The most common refrain I hear is that the sample sizes used to judge a fielder's performance in a given year are simply too small to ascribe much real weight to these numbers. Nevertheless, a good (or bad) defensive season can mean a gigantic swing in wins above replacement. While the WAR metrics aren't used as catch-alls by everybody, when a player has a dramatic swing in perceived defensive value, it can show up in plenty of articles and analyses about how much value a player is worth, and how useful their performance has been / can be.
Perhaps what we need to do is *deep breath* rely less on the UZR / DRS / TZ / FRAA numbers, and more on a scouting perspective.

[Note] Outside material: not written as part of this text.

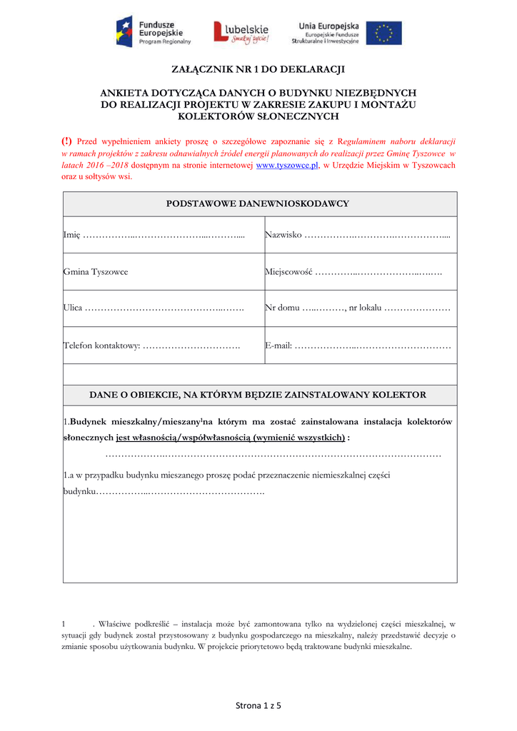 ZAŁĄCZNIK NR 1 DO DEKLARACJI ANKIETA DOTYCZĄCA DANYCH O BUDYNKU NIEZBĘDNYCH DO REALIZACJI PROJEKTU W ZAKRESIE ZAKUPU I MONTAśU KOLEKTORÓW SŁONECZNYCH (!) Przed wypełnieniem ankiety proszę o szczegółowe zapoznanie się z Regulaminem naboru deklaracji w ramach projektów z zakresu odnawialnych źródeł energii planowanych do realizacji przez Gminę Tyszowce w latach 2016 –2018 dostępnym na stronie internetowej www.tyszowce.pl, w Urzędzie Miejskim w Tyszowcach oraz u sołtysów wsi. PODSTAWOWE DANEWNIOSKODAWCY Imię ……………..…………………...……….... Nazwisko …………….………….…………….... Gmina Tyszowce Miejscowość …………..………………..….…. Ulica ……………………………………..……. Nr domu …..………, nr lokalu ………………… Telefon kontaktowy: …………………………. E-mail: ………………..………………………… DANE O OBIEKCIE, NA KTÓRYM BĘDZIE ZAINSTALOWANY KOLEKTOR 1.Budynek mieszkalny/mieszany1na którym ma zostać zainstalowana instalacja kolektorów słonecznych jest własnością/współwłasnością (wymienić wszystkich) : ……………….…………………………………………………………………………… 1.a w przypadku budynku mieszanego proszę podać przeznaczenie niemieszkalnej części budynku……………..………………………………. 1 . Właściwe podkreślić – instalacja moŜe być zamontowana tylko na wydzielonej części mieszkalnej, w sytuacji gdy budynek został przystosowany z budynku gospodarczego na mieszkalny, naleŜy przedstawić decyzje o zmianie sposobu uŜytkowania budynku. W projekcie priorytetowo będą traktowane budynki mieszkalne. Strona 1 z 5 2.b w przypadku budynku mieszanego proszę wskazać czy instalacja ciepłej wody uŜytkowej w części niemieszkalnej budynku jest niezaleŜna od części mieszkalnej, czy stanowią jedną instalację c.w.u. ……………..………………………………. 2.Numer ewidencyjny działki i obrębu na której znajduje się budynek wymieniony w pkt. 1: ………………………………. 3. Liczba osób: zamieszkałych w budynku (Liczba osób zamieszkujących w budynku będzie weryfikowana z deklaracją tzw.„śmieciową”) ………………………. 4. Czy obiekt jest gospodarstwem agroturystycznym? tak (ile miejsc noclegowych oferuje)? …………………... nie 5. Czy w obiekcie prowadzona/zarejestrowana jest działalność gospodarcza? tak (rodzaj:………………………………………..……… nie 6. Rodzaj budynku oraz ilość kondygnacji podziemnych i nadziemnych w budynku: wolnostojący - ilość kondygnacji podziemnych ………….. i nadziemnych……... w budynku bliźniak - ilość kondygnacji podziemnych ………….. i nadziemnych……... w budynku zabudowa szeregowa - ilość kondygnacji podziemnych ………….. i nadziemnych……... w budynku 7. Rok budowy budynku: …………… 8. Rodzaj, stan, wiek pokrycia dachu: (! nie dopuszcza się montaŜu kolektorów na dachach pokrytym eternitem oraz których stan techniczny jest zły) blacha dachówka (ceramiczna, betonowa) blacho- dachówka inne (jakie?)……………… stan pokrycia i więźby dachowej dobry zły wiek pokrycia i więźby dachowej…….lat 9. Czy w najbliŜszym czasie planowana jest wymiana pokrycia dachowego? tak (na jakie?) ………………………. nie 10. Rodzaj dachu: płaski jednospadowy dwuspadowy wielospadowy (wielopołaciowy) 11. Połać dachu (jej główna, najlepiej nasłoneczniona część) jest skierowana w kierunku: południowym południowo- wschodnim Strona 2 z 5 południowo- zachodnim Kąt nachylenia dachu: …………………..º Kąt odchylenia od południa w kierunku wschód……zachód…….. 12. Sugerowany sposób montaŜu kolektora, proszę zaznaczyć właściwe (zakreślić): a) b) c) 13. Proponowana lokalizacja montaŜu zbiornika ciepłej wody: pomieszczenie kotłowni poddasze piwnica inne- jakie: …………………. 14. Odległość pomiędzy podłogą kotłowni / piwnicy a najwyŜszym punktem dachu: .………..m Odległość w poziomie pomiędzy miejscem montaŜu zbiornika na ciepłą wodę a panelami słonecznymi: ……….. m 15. Proszę naszkicować uproszczony schemat pomieszczenia w którym ma być zamontowany zbiornik ciepłej wody z kolektorów słonecznych, wraz z umiejscowieniem istniejącej infrastruktury technicznej np. piec, bojler, przebieg instalacji ciepłej i zimnej wody, instalacji elektrycznej z gniazdkami w tym gniazdka przewidziane do zasilenia instalacji solarnej), otwory drzwiowe i okienne, itp. Na rysunku naleŜy podać wymiaru pomieszczenia i odległości od ścian, wszelkich otworów, kominów, pieca, bojlera itp.: Strona 3 z 5 16. Wysokość i szerokość, długość pomieszczenia kotłowni / piwnicy w którym ma być zainstalowany zbiornik: wysokość ……m, szerokość……m, długość…….m 17. Wolna powierzchnia dachu / ściany przeznaczona na kolektory słoneczne: …..m x …..m 18. Wielkość otworu/ów dostępu do pomieszczenia w którym ma być zainstalowany zbiornik wody: …..m x ….m 19. Czy istnieje moŜliwość zamontowania zbiornika ciepłej wody w odległości min. 1,0 m od kotła (max. średnica zbiornika ciepłej wody 1m): tak nie 20. W pomieszczeniu gdzie planowany jest montaŜ zbiornika ciepłej wody, jest doprowadzona instalacja ciepłej, zimnej wody, centralne ogrzewanie: (! nie przewiduje się montaŜu instalacji solarnej na/w budynku mieszkalnym/mieszanym w przypadku braku instalacji ciepłej wody w budynku mieszkalnym/mieszanym) tak nie inne opis…………………… 21. Rodzaj obiegu wykorzystywanego ciepłej wody w budynku: grawitacyjne z obiegiem wymuszonym 22. Czy w kominie znajduje się wolny kanał wentylacyjny, ile kanałów wentylacyjnych jest doprowadzonych do pomieszczenia w którym ma być zbiornik na ciepła wodę: tak nie … kanałów 23. K

Re: An alternative method for determining defensive WAR
The one thing I've never understood is why the variance in WAR from year to year is almost always treated as evidence that it is unreliable as a measure of performance for that year.
Sure, the small sample issue means it is not a good measure of talent. But talent and performance are not synonymous. If we looked at offensive stats after 200 PA, we'd see many more odd peaks and valleys. But we wouldn't say they're an unreliable measure of offensive production over those 200 PA.
Now, I realize a big part of the issue with Barney is the difference between UZR and DRS -- I'm very curious about that too. But how prevalent are those types of gaps. I decided to check it out:
A total of 123 players had the number of innings to "qualify" per Fangraphs. The distribution of the variance between UZR and DRS looks like this:
(UZR higher than DRS)
+10 and up: 6
+5 to 10: 12
+2 to +5: 24
-2 to +2: 34
-2 to -5: 22
-5 to -10: 18
-10 and down: 7
I find that interesting -- it's a pretty normal distribution. That suggests that whatever the difference is, it cuts equally both ways. I also looked by position and it doesn't seem to be biased towards or against a certain position. The R-squared between the two for that population is 0.69, a fairly strong positive, but nothing like you'd hope for given that they're supposed to be measuring the same thing.
Looks like there's definitely a reason to be skeptical about the numbers -- but I'd rather get an actual explanation looking at how they coded/valued things differently and choose the approach that seems more correct than simply average them.